As a fellow postgraduate student embarking on my final research year, I think I'll have to disagree with you. If you think that research is opinion and personal experience free, you are wrong, a fool and should probably apologize to your poor students. 

Oh wait, you're one of THOSE historians. One of those guys that tell me my opinions are invalid because I study history from literature. That feeling has nothing to do with fact.

We must argue from Shepards point of view and we must take Shepard's perspective and perception as fact unless we are given another. In this case we must also take our own perceptions and experiences into account since we are the third party. There are three people in the interactions with the catalyst: Shepard, the Catalyst & the player (ourselves).

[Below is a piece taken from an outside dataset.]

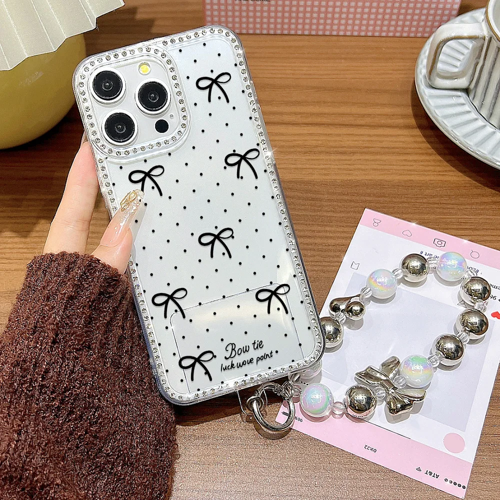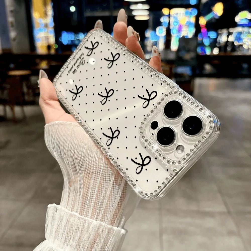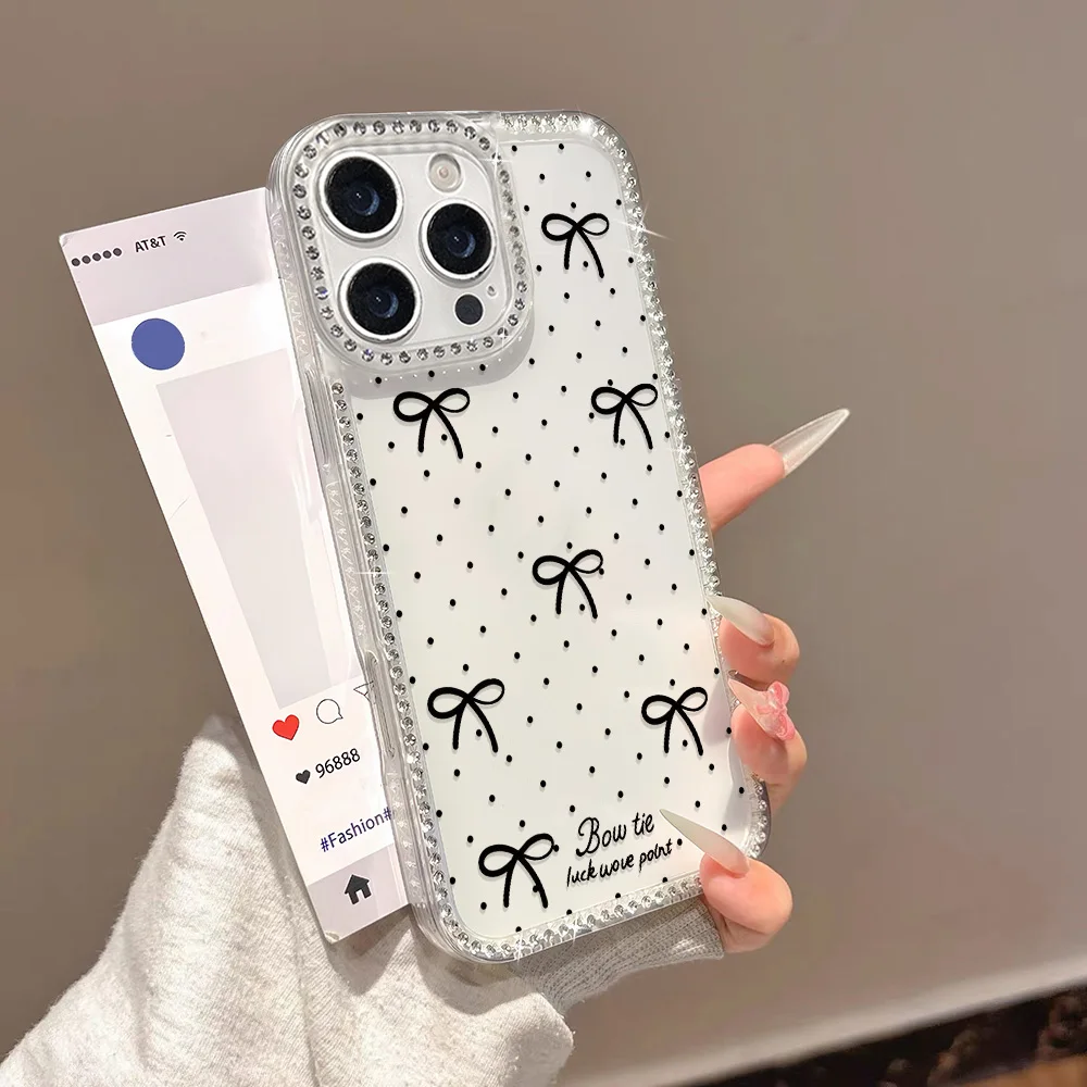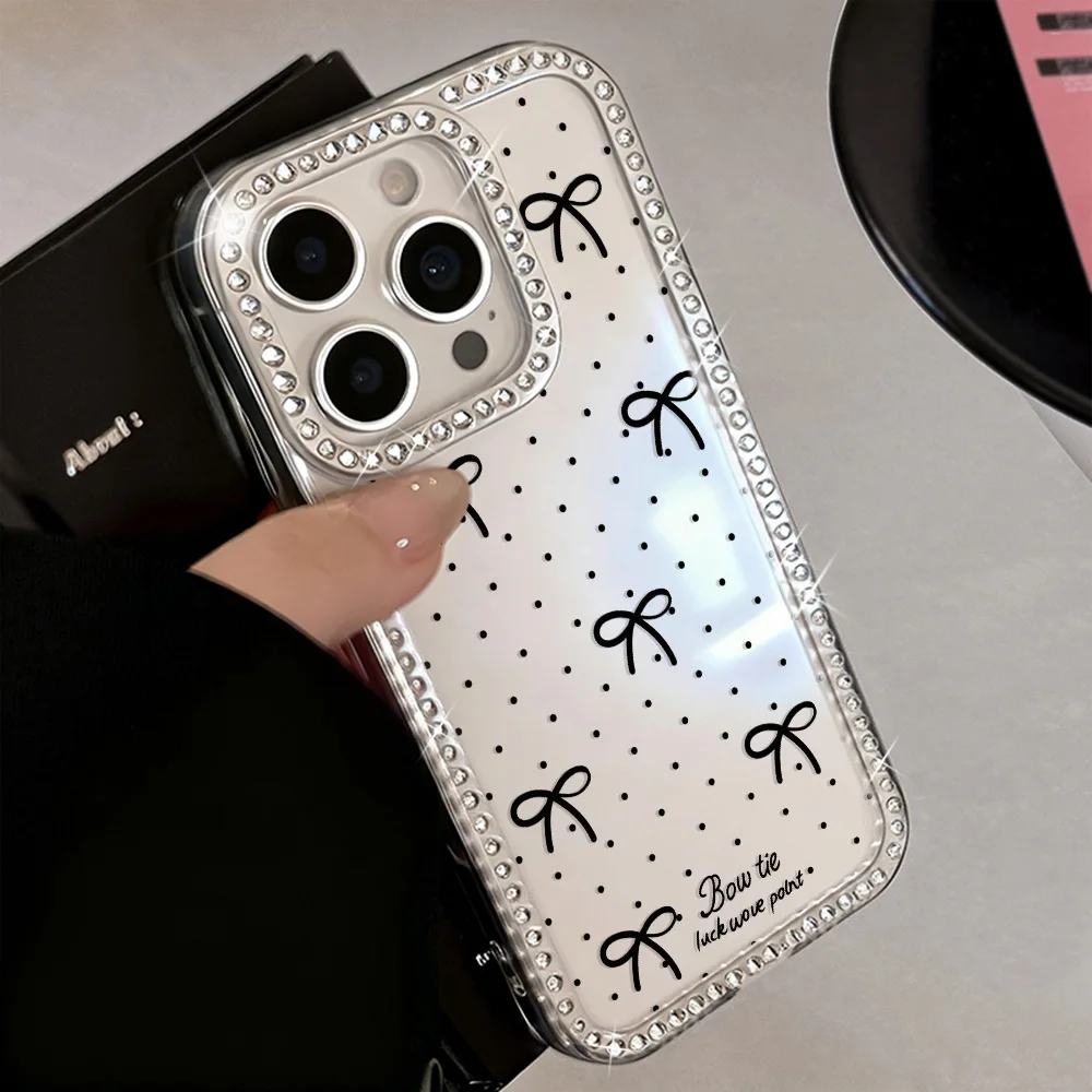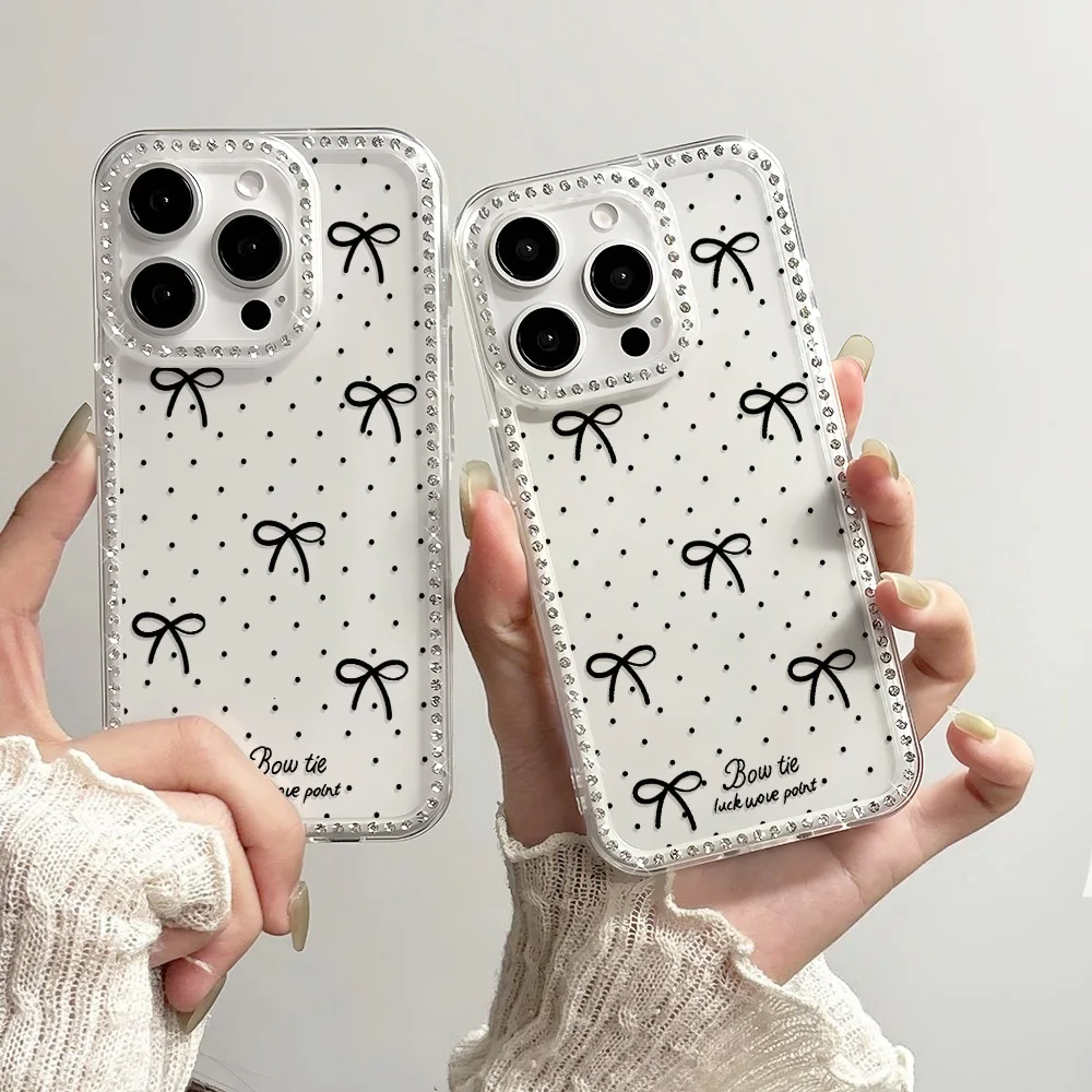 Funda de teléfono con nudo de lazo y cordón de diamante para iPhone 17 16 Pro Max 11 13 15 14 12 Air 17promax, Funda transparente a prueba de golpes

EDIT: Which actually makes us a source when you think about it...

The Catalyst's logic is flawed and it has been repeatedly been pointed out that what it says is fundamentally untrue. Even if we believed every thing the catalyst said the fact that it cannot make a decision finally because of "new variables" and that it now has to rely on Shepard for an answer makes it fallible. Even it's many cycles have not given it the information it requires.

As a personal retort against the OP - you sound like you've been swallowing the words of another lecturer and just regurgitating. It's wrong to beat down your students like that, sometimes the most intuitive insights come from personal experience.

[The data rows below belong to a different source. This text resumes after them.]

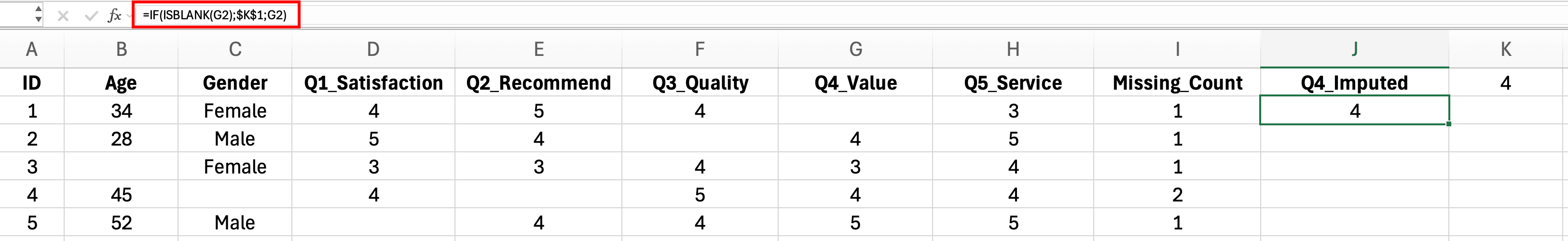 ขั้นตอน Excel สำหรับ Mean Imputation
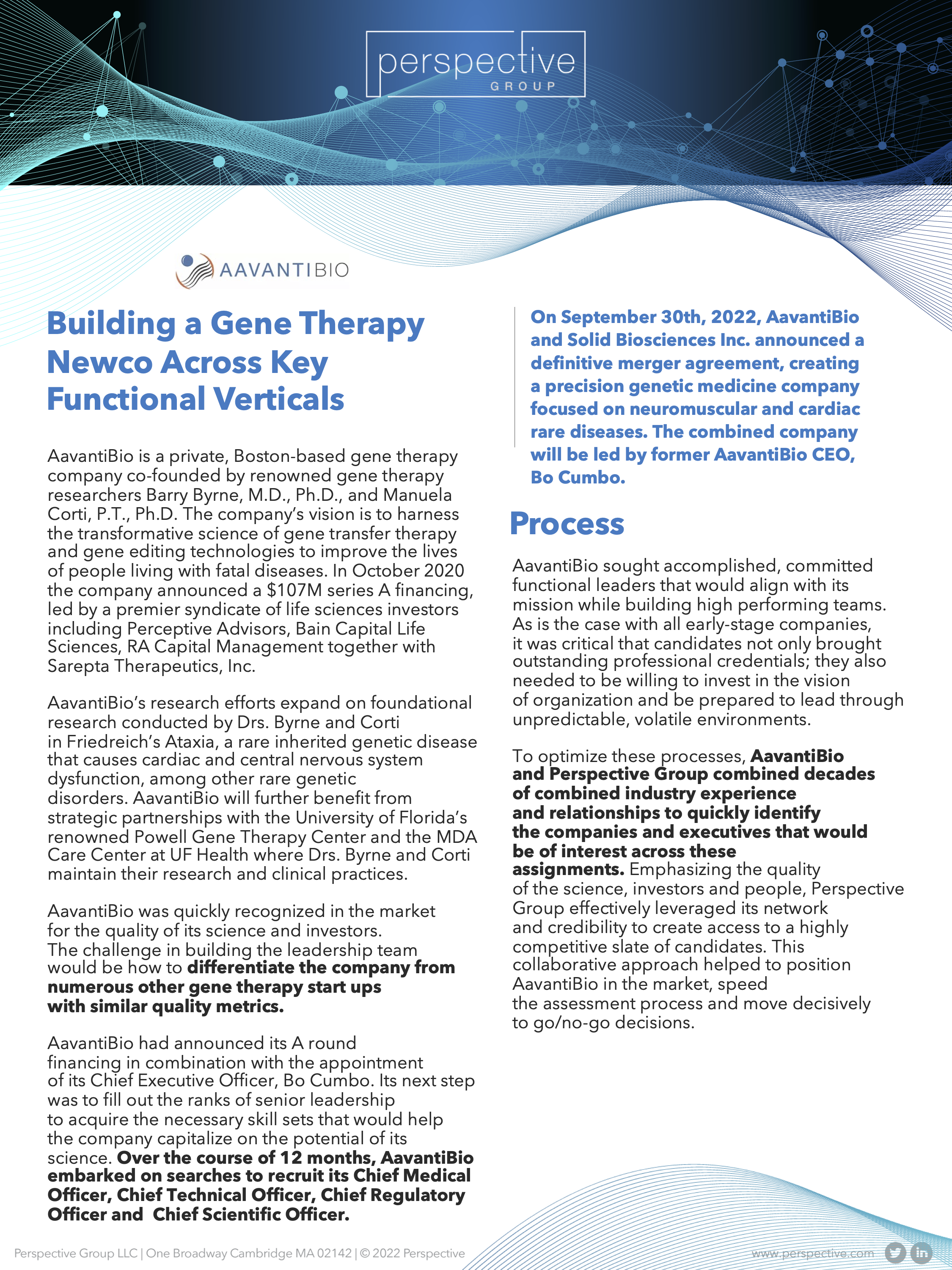 Sarah Foster 10/6/22 Sarah Foster 10/6/22 Building the Leadership Team of a Gene Therapy Newco Read More Sarah Foster 9/12/22 Sarah Foster 9/12/22 Perspective shares Board Audit Chair Insights and Successes Read More Sarah Foster 8/17/22 Sarah Foster 8/17/22 Perspective Group Recruits First-Half Highlights Read More Sarah Foster 4/25/22 Sarah Foster 4/25/22 Perspective Group Announcing the Formation of an Advisory Board Perspective Group announcing the formation of Advisory Board Read More Steve Fitzgibbons 1/6/22 Steve Fitzgibbons 1/6/22 Perspective Group announcing Kara Coluccio as Managing Partner succeeding Tom Carey Read More Newer Posts
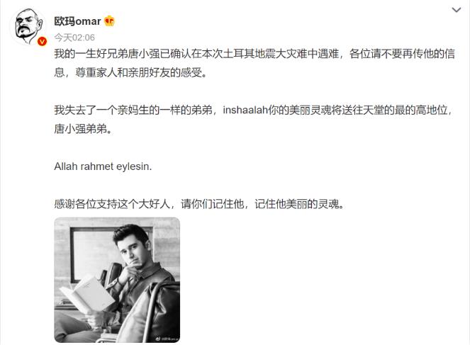 据身在土耳其的唐小强友人@欧玛omar 10日凌晨发布的最新消息称,唐小强已经确认在本次土耳其大地震中遇难。唐小强于2010年来中国留学,曾就读于厦门大学海外教育学院。2016年,他作为土耳其的代表和常驻嘉宾参与《非正式会谈》节目的录制,受到中国观众的欢迎,很多网友亲切称呼他“唐大哥”。(中国新闻网)
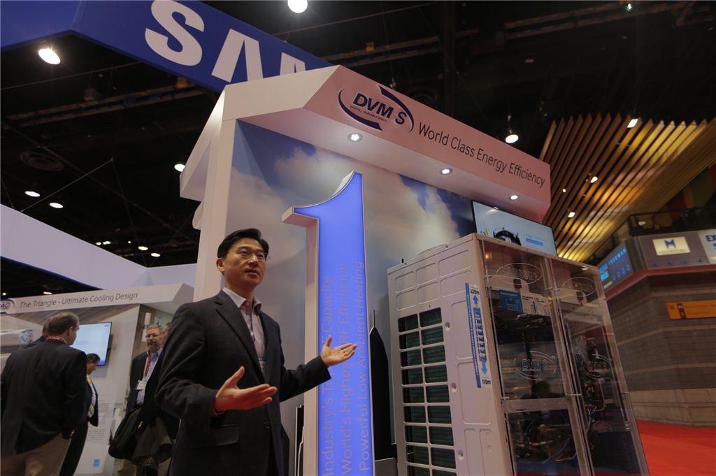 [아시아경제 권해영 기자] 삼성전자와 LG전자가 26~28일(현지시간) 미국 시카고에서 열리는 세계 최대 규모의 공조전시회 'AHR 엑스포 2015'에서 최첨단 공조기기를 선보이며 북미 시장 판매 확대에 나선다. AHR엑스포는 1930년부터 시작해 세계 130여 국가, 1900여 업체가 참가하고 3만여 명이 관람하는 냉난방 공조 전문 전시회다.삼성전자는 '세계 최대 용량' 시스템에어컨, LG전자는 '고효율' 시스템에어컨을 선보인다.삼성전자가 새롭게 선보이는 'DVM S'는 대용량에 적합한 압축기와 신규 유로를 적용한 최적의 열교환 시스템을 구축해 모듈형 VRF 시스템에어컨 중 세계 최대 수준인 16톤의 용량을 갖췄다. 기존보다 실외기 설치 공간은 약 40% 줄여 건축물의 공간을 효율적으로 사용할 수 있고 건축물에 미치는 하중은 약 30% 줄여 안전성을 확보했다. 겨울철 저온 난방시 냉매 순환량을 약 25% 증가시켜 영하 25도의 혹한에서도 정상적인 운전이 가능하다.사물인터넷(IoT) 기반의 스마트홈 시연 코너를 별도로 만들고 수냉식으로 외부 온도에 상관없이 고효율을 유지하는 시스템에어컨 'DVM S 워터'와 '덕트형 에어컨', '원격 통합 에너지 관리 시스템' 등을 전시한다.-

The Catalyst's thesis is anything but peer reviewed, it may have had time to research, but it's only had one perspective and it's ideals belong in the last cycle in a dusty old tome that gets referenced by undergraduates who have used the first piece of information they've found not realizing it's out of date and research has moved on.

Shepard however is a new, brilliant and intuitive phd student who is rocking the boat with a totally new angle that the aged researchers cannot argue against.

I don't expect any glowing insights coming from your research any time soon.

 

Im done arguing about the Catalyst, but I'll have to respond to this since it's on a personal note.

I'm not going to get into a measuring contest with you, but I assure you my lectures are not without departmental consent and approval from senior faculty. I'm not tormenting the undergraduates, I'm teaching them the proper rigors of university research. The old saying is that opinions are like noses--everyone has them. And everyone has this uncle or that cousin that seems to buck research trends. The exception to the rule does not override the aggregate. It may be no less true in that instance, but it does not stake an equally competent claim to more substantial sources.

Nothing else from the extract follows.